# *NEW* South GA Club Looking For Members



## kgunz11 (Aug 30, 2012)

I have a reputation around these parts with the local land owners for running a quality deer lease so a neighbor approached me last week about leasing his property. I know the property has some really good deer on it so I jumped at the opportunity. 

It has planted pine that was thinned last year, nice natural hard wood areas, a couple ponds, a few creeks, and the potential for several food plots with minimal work. The road system through the property is fairly decent and it has a real nice powerline on it where several nice bucks have been spotted.

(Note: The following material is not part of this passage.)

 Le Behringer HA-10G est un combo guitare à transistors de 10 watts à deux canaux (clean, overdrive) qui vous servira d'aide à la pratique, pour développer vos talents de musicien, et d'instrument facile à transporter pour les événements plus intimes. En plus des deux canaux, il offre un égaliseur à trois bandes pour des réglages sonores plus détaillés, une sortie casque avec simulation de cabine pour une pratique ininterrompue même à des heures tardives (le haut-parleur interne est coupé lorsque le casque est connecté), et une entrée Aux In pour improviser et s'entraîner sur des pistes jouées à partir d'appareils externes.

It's approximately 650 acres located in Mitchell County and the property lines are outlined in the photo below. The red line is the property line and the 2 blue blocks are private property with home sites. Currently there are no members and the property has seen little to no hunting in that last several years. The last person that hunted the property years back is deceased.

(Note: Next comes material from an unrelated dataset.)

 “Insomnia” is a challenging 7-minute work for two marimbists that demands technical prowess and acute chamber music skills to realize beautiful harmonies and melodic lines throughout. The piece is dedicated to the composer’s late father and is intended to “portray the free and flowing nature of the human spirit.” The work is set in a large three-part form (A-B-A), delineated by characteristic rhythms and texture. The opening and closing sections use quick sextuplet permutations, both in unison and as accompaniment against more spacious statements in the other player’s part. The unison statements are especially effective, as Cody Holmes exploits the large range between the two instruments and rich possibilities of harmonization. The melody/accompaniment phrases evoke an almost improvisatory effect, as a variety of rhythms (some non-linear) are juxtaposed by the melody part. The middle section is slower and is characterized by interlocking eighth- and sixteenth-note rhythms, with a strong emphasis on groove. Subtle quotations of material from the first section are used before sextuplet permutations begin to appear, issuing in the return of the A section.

We're looking for 6 members total at $800 per person. The property will be quality managed and a tractor is near by for planting food plots. I currently have a long time lease on the 2100 acres that borders it to the North. Any members getting in the club this year will be grandfathered into our other club next year at the same price. In other words, a 2700 acre lease for $800 membership per year.

I need to get some folks signed up quick as deer season is almost upon us so please let me know something ASAP. If you have any questions please contact me via email. The property will be quality deer managed. Requirements are 4 points on a side and outside the ears. There is no water and electricity for campers this year but we are working on that for next year.

kgunz11@msn.com


----------



## lineman101 (Sep 5, 2012)

*interested*

Would you be interested in leasing the 600 to 3 trophy minded people for $ 4800


----------



## Cole Henry (Sep 6, 2012)

Email sent


----------



## 2balectn (Sep 6, 2012)

I am interested can you call me 2292244359


----------



## kgunz11 (Sep 6, 2012)

lineman101 said:


> Would you be interested in leasing the 600 to 3 trophy minded people for $ 4800



Absolutely. That would make my life real easy. Currently I have 2 folks from Florida committed to the property. I have not received a check from them yet but I believe they are good for it.


----------



## kgunz11 (Sep 6, 2012)

2balectn said:


> I am interested can you call me 2292244359



I'll give you a call this evening after work.


----------



## 2balectn (Sep 7, 2012)

I don't know if I missed your call or not can you call again


----------



## cookcrew (Nov 4, 2012)

Do you have any spots left ? And is this a family club? And what is the rate.


----------



## Fireengine70 (Nov 5, 2012)

PM sent


----------



## kgunz11 (Nov 5, 2012)

No spots left this year. If we have openings available next year they'll be posted on the GON forums starting in April. This new property is showing lots of promise though.


----------



## kgunz11 (Nov 5, 2012)




----------



## GAMHUNTER35 (Nov 7, 2012)

yea i hunted that land last year had alot of  folks  walking an riding 4 wheelers all times of the day an they had patrys almost every weekend down at the pond


----------



## kgunz11 (Nov 8, 2012)

No joy riding on 4 wheelers is allowed on the property. The trespassing is strictly enforced, and there is no pond, it's gone, and there are no parties.


----------



## jel123 (Dec 12, 2012)

Do you have opening for 2013, Jim


----------



## kgunz11 (Dec 12, 2012)

jel123 said:


> Do you have opening for 2013, Jim



Replied to your PM.


----------



## Bobbyson32 (Dec 16, 2012)

are you looking for members for 2013 and where is the lease at


----------



## RReynolds74 (Dec 17, 2012)

I'm interested for 2013/14 and long term with the club.  Please pm me more info.  Thanks, Ricky


----------



## jel123 (Dec 20, 2012)

If openings call Jim 321-652-5406


----------



## JeffJLH (Dec 31, 2012)

PM Me if you have openings next year please.


----------



## Bobbyg0037 (Jan 17, 2013)

Pm me also if there's any openings left thank you


----------